Large-Eddy Simulation Code for City-Scale Environments


Key Personnel

PI/Co-I: Dr Zheng-Tong Xie - University of Southampton

Technical: Dr Vladimir Fuka - University of Southampton and Dr Arno Proeme - EPCC, University of Edinburgh

Relevant documents

eCSE Technical Report: Large-Eddy Simulation Code for City Scale Environments

Project summary

The project aimed to enhance the performance and capabilities of the ELMM large-eddy simulation software and the associated software library PoisFFT. The code is used for simulation of wind flow in the atmospheric boundary layer, and transport and dispersion of pollutants in areas with complex geometry, mainly cities.

The main target of the project was to enable simulations of whole cities, i.e. areas with a horizontal dimension of 10 km or more, while maintaining high resolution in the areas of interest.

The strategy chosen for this task was to first perform optimization of the current code and of its parallelization. The second step is then the development of a new feature - called grid nesting or domain nesting. Grid nesting allows us to select a certain part of the city and solve the problem in that area on a grid with several times higher resolution, while using the flow from the whole city domain as a boundary condition.

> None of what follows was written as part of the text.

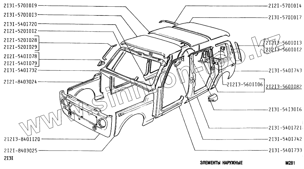 Каталог запасных частей к технике: ВАЗ-2131 (NIVA). Элементы наружные

During the optimization, profiling was used to identify the parts of the code where most time was spent. Several loops were identified where if conditions in every iteration caused a slowdown, and a different solution was implemented.

The MPI parallelization used to distribute the workload on large clusters and supercomputers was optimized mainly by re-writing the exchange of boundary information between the neighbouring processes. By using non-blocking MPI communication it was possible to avoid unneeded synchronization and let the MPI library decide in which order the transfers should be performed.

The OpenMP and MPI parallelization approaches were combined in a hybrid solution where a smaller number of processes communicate with each other using MPI, and each process uses several OpenMP threads.

Nested domain inside an outer domain
Nested domain inside an outer domain.

The grid nesting capability was implemented using independent groups of processes forming separate MPI communicators and behaving like independent model runs. The domains are organized in a tree with an outer domain on the top containing inner domains which may contain further inner domain themselves. Each inner domain's grid may be finer than its outer grid. The optional two-way nesting allows the feedback of the nested grid to the outer grid.

The work done in this project enables simulations of much larger city-scale problems which are of great interest in areas such as urban air quality and urban climate, and security and safety in urban environments. It enables simulations of the interaction of the rural atmospheric boundary layer with the urban environment, allowing studies of the dispersion of dangerous pollutants in cities and the effects of the urban heat island.

Achievement of objectives

The objectives of the project were the following:

  1. to implement hybrid parallelisation functionality in the ELMM code to largely improve parallel efficiency on ARCHER and similar supercomputers for modelling city scale environments;
  2. to implement grid nesting functionality in the ELMM code to model very large spatial domains while maintaining high resolution in limited areas of great interest;
  3. to validate and optimise the synthetic turbulence generation functionality in the ELMM code, including to improve parallel efficiency of this subroutine, to allow the code to model any specific problems;
  4. to train other ARCHER users to run and test the ELMM code to expand the user community of the code.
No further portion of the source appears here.